** Data records follows **
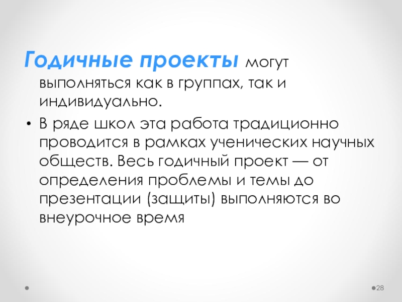 школ эта работа традиционно проводится в рамках ученических научных обществ. Весь годичный проект — от определения проблемы и темы до презентации (защиты) выполняются во внеурочное время
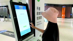 据此,北京商报记者在大兴机场站进行了体验。首先,是在站内自动售票处的“刷掌”注册机上开通“刷掌”乘车。跟随屏幕的指引,记者点进注册机首页呈现的“开通‘刷掌’乘车”选项,阅读并同意《刷掌服务须知》后,便开始录入掌纹。此时,需将手掌悬空置于屏幕下方一个圆环灯圈起来的手掌识别区域,当识别区识别到手掌时,圆环的灯便由常亮的绿色转为白色,完成录入后,设备会发出“嘟”的一声提示,圆环又再次变回绿色。随后,屏幕上出现“录入成功”字样及二维码,扫描二维码在微信小程序中完成协议授权、实名信息授权等流程之后,即可开通“刷掌”乘车业务。接下来便是服务开通后的乘车过程。
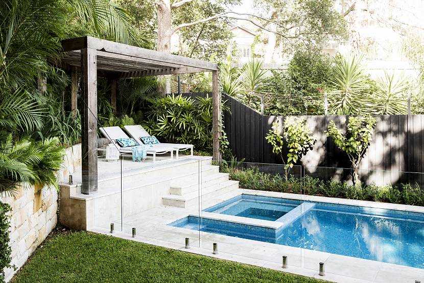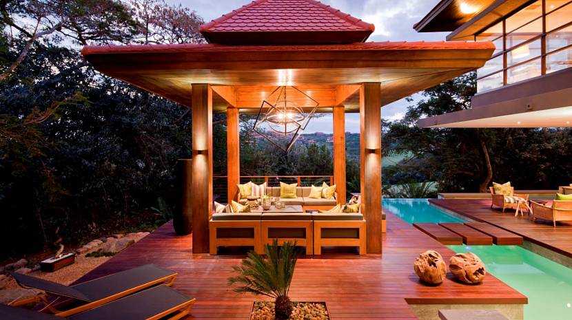 Маленькая зона отдыха из натурального дерева возле бассейна в тайском стилеИсточник growingrooms.com.au
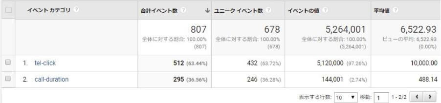 通話時間イベントでは、イベントの値として電話タップ~通話が終わって再度サイトを閲覧するまでの秒数を記録しており、イベント カテゴリレポートではその合計値と平均値が表示されます。
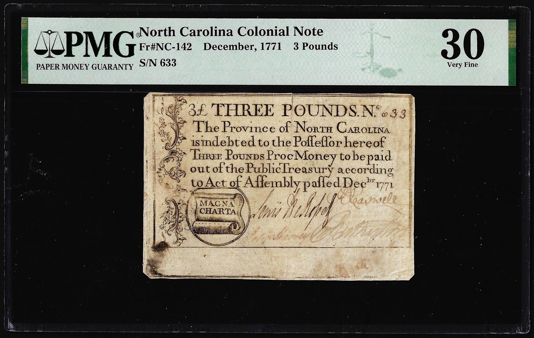1771 North Carolina 3 Pounds Colonial Note NC-142 PMG Very Fine 30 Magna Charta
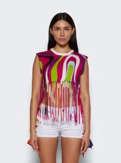 - Fringed hemline
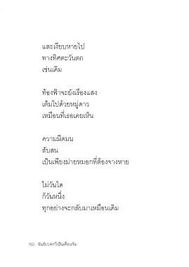 และเงียบหายไป ทางทิศตะวันตก เช่นเดิม ท้องฟ้าจะยังเรืองแสง เต็มไปด้วยหมู่ดาว เหมือนที่เธอเคยเห็น ความมืดมน สับสน เป็นเพียงม่ายหมอกที่ต้องจางหาย ไม่วันใด ก็วันหนึ่ง ทุกอย่างจะกลับมาเหมือนเดิม 102 103 102 ฉันกับบทกวีเป็นเพื่อนกัน
** End of Data records **
◆ The task:
Leave out the pictures, then give all the records again exactly.

◆ Completed task:
 школ эта работа традиционно проводится в рамках ученических научных обществ. Весь годичный проект — от определения проблемы и темы до презентации (защиты) выполняются во внеурочное время
 据此,北京商报记者在大兴机场站进行了体验。首先,是在站内自动售票处的“刷掌”注册机上开通“刷掌”乘车。跟随屏幕的指引,记者点进注册机首页呈现的“开通‘刷掌’乘车”选项,阅读并同意《刷掌服务须知》后,便开始录入掌纹。此时,需将手掌悬空置于屏幕下方一个圆环灯圈起来的手掌识别区域,当识别区识别到手掌时,圆环的灯便由常亮的绿色转为白色,完成录入后,设备会发出“嘟”的一声提示,圆环又再次变回绿色。随后,屏幕上出现“录入成功”字样及二维码,扫描二维码在微信小程序中完成协议授权、实名信息授权等流程之后,即可开通“刷掌”乘车业务。接下来便是服务开通后的乘车过程。
 Маленькая зона отдыха из натурального дерева возле бассейна в тайском стилеИсточник growingrooms.com.au
 通話時間イベントでは、イベントの値として電話タップ~通話が終わって再度サイトを閲覧するまでの秒数を記録しており、イベント カテゴリレポートではその合計値と平均値が表示されます。
1771 North Carolina 3 Pounds Colonial Note NC-142 PMG Very Fine 30 Magna Charta
 - Fringed hemline
 และเงียบหายไป ทางทิศตะวันตก เช่นเดิม ท้องฟ้าจะยังเรืองแสง เต็มไปด้วยหมู่ดาว เหมือนที่เธอเคยเห็น ความมืดมน สับสน เป็นเพียงม่ายหมอกที่ต้องจางหาย ไม่วันใด ก็วันหนึ่ง ทุกอย่างจะกลับมาเหมือนเดิม 102 103 102 ฉันกับบทกวีเป็นเพื่อนกัน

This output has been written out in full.